Après la levée de bouclier de la Conférence des évêques de France, l’assemblée nationale a finalement abandonné le 1er juin 2026, l’article de son projet de loi remettant en cause le secret de la confession.

Décidée à faire passer sa proposition de loi visant à prévenir les violences en milieu scolaire dans la foulée du scandale de Bétharram, la députée Violette Spillebout (Renaissance) en a finalement retiré l’article 9 prévoyant l’obligation de dénoncer les crimes dont les ministres du culte auraient eu connaissance dans le cadre de la confession, rapporte le quotidien La Croix. Cette disposition, qui aurait ainsi violé le secret sacramentel, avait provoqué une mobilisation importante des milieux catholiques.
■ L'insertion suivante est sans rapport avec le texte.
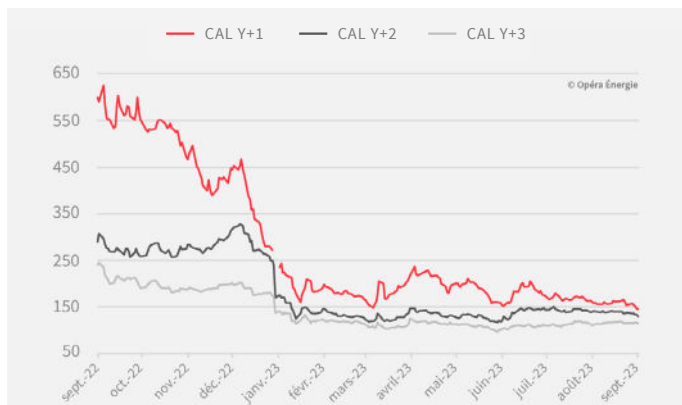
EVOLUTION DES PRIX DE L'ÉLECTRICITÉ DEPUIS 1 AN (en €/MWh)

Attention : le changement d'année de livraison exagère l'effet baissier de décembre 2022 à janvier 2023.

De fait l’article reposait sur une prémisse très contestable, note le Père Clément Barré pour La Croix: que les agresseurs sexuels se confesseraient régulièrement de leurs crimes et instrumentaliseraient le secret pour se protéger. Ce scénario, digne d’un film, ne correspond à aucune réalité. En ce sens, cette mesure visait un problème largement imaginaire. Elle était donc inutile.

Quel secret?

Pour le prêtre bordelais, la question de fond persiste cependant. Car l’Église manifeste elle-même une difficulté à appliquer sa propre discipline. L’exemple du dernier conclave est flagrant. Des cardinaux électeurs, liés par serment solennel sur les Evangiles au secret absolu sous peine d’excommunication, ont raconté devant les caméras les tractations, les votes, les échanges. Ceci sans que grand monde ne s’offusque. Si le secret peut être violé par les cardinaux  qui en sont les premiers gardiens, quelle crédibilité accorder à l’invocation solennelle du sceau sacramentel?

On se souvient aussi du livre paru en 2021 dans lequel un journaliste recueillait les récits de 40 prêtres racontant ce qu’ils entendaient en confession. Là aussi sans blâme.
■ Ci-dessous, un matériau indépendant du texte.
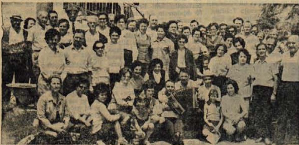
IZLET GORENJSKIH INVALIDOV — V nedeljo, 4. junija, je bilo okrog 250 invalidov iz Kranja, Tržiča, Škofje Loke in z Jesenic gost invalidov iz Nove Gorice. Med drugim so obiskali tudi bolnišnico Franja.

Tako je o podvigu svoje podmornice pripovedoval kapitanleutnant Prien novinarjem o potopitvi 'Royal Oak' in torpediranju 'Repulse' na sprejemu, ki ga je 18. oktobra priredil zanj in njegovo posadko Hitler.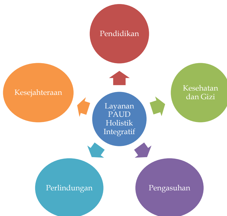
Gambar 2. Lima layanan PAUD Holistik Integratif

Wawancara yang dilakukan peneliti terhadap kepala sekolah, mengatakan bahwa ada beberapa pihak yang terkait utamanya pada penyelenggaraan PAUD holistik integratif di KB-TK Aldercy Islamic School Surakarta diantaranya adanya kerjasama dengan dinas pendidikan Kota Surakarta, Puskesmas Banyuagung Surakarta, radio PTPN Surakarta, Psikolog, Dokter Gigi, organisasi mitra Ikatan Guru Taman Kanak-kanak (IGTK), HIMPAUDI, Kelompok Kerja Guru (KKG), tokoh masyarakat, dan orang tua.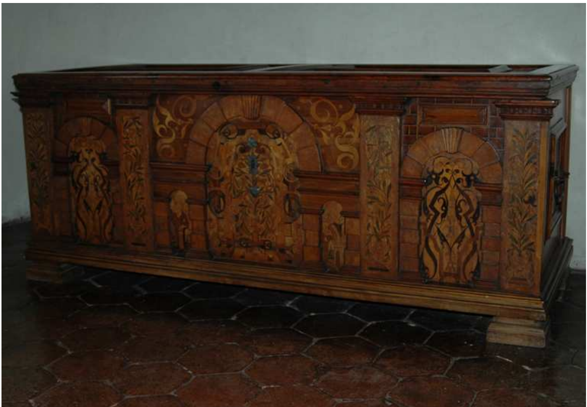
8. Truhla, střední Evropa, druhá polovina 17. století doplněna v 19. století, inv. č. BO-66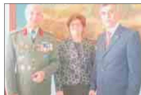
Από την τελετή παράδοσης-παραλαβής Διοίκησης 95 ΑΔΤΕ.

τρίδος, τιμώντας τους ηρωικούς αγωνιστές της Εθνικής παλιγγενεσίας της 25ης Μαρτίου ενώ την επομένη το Τ.Σ. και μέλη μας, παρακολούθησαν την Δοξολογία, την παρέλαση και τις λοιπές εορταστικές εκδηλώσεις που οργανώθηκαν από τη Νομαρχία Δωδεκανήσου.

Le prêtre s’efface devant Dieu

La Pénitencerie apostolique, dans une note de 2019, rappelait les exigences du secret. Le prêtre entend les péchés «non en tant qu’homme, mais en tant que Dieu», selon la formule de Thomas d’Aquin. «Cette formule exige du prêtre un effacement complet et une chasteté totale par rapport à ce qu’il a entendu», souligne l’abbé Barré. Le prête ne possède pas qu’il a entendu: il ne doit pas le retenir, ne pas l’utiliser, ne pas le laisser altérer ni son regard, ni ses décisions.

La note ajoute de manière assez étonnante «Le confesseur pourrait même ‘jurer’, sans aucun préjudice pour sa conscience, ‘ne pas savoir’ ce qu’il sait seulement en tant que ministre de Dieu.»

Le sceau lie donc le prêtre non seulement extérieurement mais intérieurement. La confession n’est pas seulement un secret à garder: c’est une mémoire à effacer. Si  la loi changeait, les prêtres seraient tenus d’en assumer jusqu’au bout les conséquences civiles, et de se taire quand même.